Las comparaciones más odiosas
Hoy, la gravedad de los hechos del 20 de septiembre del 2017 palidece como el erotismo de un cuplé ante Youporn
Hoy se cumple una semana desde que conocimos la sentencia. No han sido ocho días fáciles para nadie. Hemos visto destrozos de mobiliario urbano, hogueras de San Juan en pleno octubre, cócteles molotov, huelga general, carreteras cortadas, carreras de encapuchados, estopa policial por doquier más allá de los protocolos, pelotas de goma y/o de foam causando graves lesiones oculares y testiculares, hematomas como tatuajes, vías de tren quemadas, atropellos aterradores por parte de furgonetas policiales, palizas con bastones y patadas de la jauría fascista, lanzamiento de objetos contundentes, periodistas agredidos tanto por manifestantes como por la policía, imágenes de uniformados pirómanos que lanzan cosas al fuego, uniformados que se dan la mano con neonazis, banderas en vehículos policiales, un exdirector de la Institució de les Lletres Catalanes vapuleado por un mosso nervioso en el aeropuerto, golpes de porra a la cabeza o lanzamientos de artefactos pirotécnicos en dirección al helicóptero policial, vero símbolo de tortura psicológica con su tierno metrónomo helicoidal que nos ameniza las horas, tra tra. Hemos visto violencia, en definitiva. También muchas otras cosas inéditas, mayoritariamente gente pacífica ejerciendo todo tipo de protestas contra la sentencia en la clásica tradición imaginativa del independentismo catalán: columnas de caminantes atravesando el país, serpentinas higiénicas de papel de váter, pelotas blandas para practicar deporte en la calle vestidos con chándal, idas masivas al aeropuerto a ver cómo los aviones no se elevaban... Esto no es Hong Kong, y el independentismo no ha provocado, aún, ni la mitad de destrozos que los chalecos amarillos franceses, pero se acabaron las performances y llega el conflicto.

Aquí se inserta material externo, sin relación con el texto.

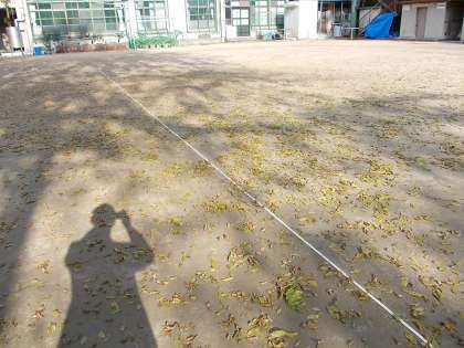 いろいろな木が順に葉っぱを落としていきます。ムクの木はほば全部葉が落ちて,今はフジの葉が落ちてきます。管理用務員が毎日,そうじしております。

Todos estos hechos, más allá de la calificación que merecen, tienen un efecto devastador sobre la credibilidad de la sentencia que los provoca. Esta semana se hundió el relato tejido por los redactores de la novela de fantasía judicial española que vomita cien años de condena. Los pálidos reflejos de la Rosa de Foc que vive Barcelona iluminan aún más el pacifismo inequívoco de los siete hombres y dos mujeres que han sido condenados por el Tribunal Supremo a penas que suman un siglo de escarmiento. Al lado de cualquiera de las protestas nocturnas de estos últimos días, la gravedad de los hechos del 20 de septiembre del 2017 palidece como el erotismo de un cuplé ante Youporn. Resulta flagrante comparar cualquiera de los hechos violentos de esta semana con las miradas de odio, la trampa del Fairy, los correos de un tal Sabi Strubell, las murallas humanas, los jeeps de la Guardia Civil, el clima insurreccional y tantas ignominiosas declaraciones calcadas de uniformados que escuchamos durante el juicio. Jordi Cuixart y Jordi Sànchez son dos líderes sociales que tenían capacidad de convocatoria y de desconvocatoria. La democracia española que les ha castigado con nueve años de cárcel ya no tiene ni una cosa ni la otra.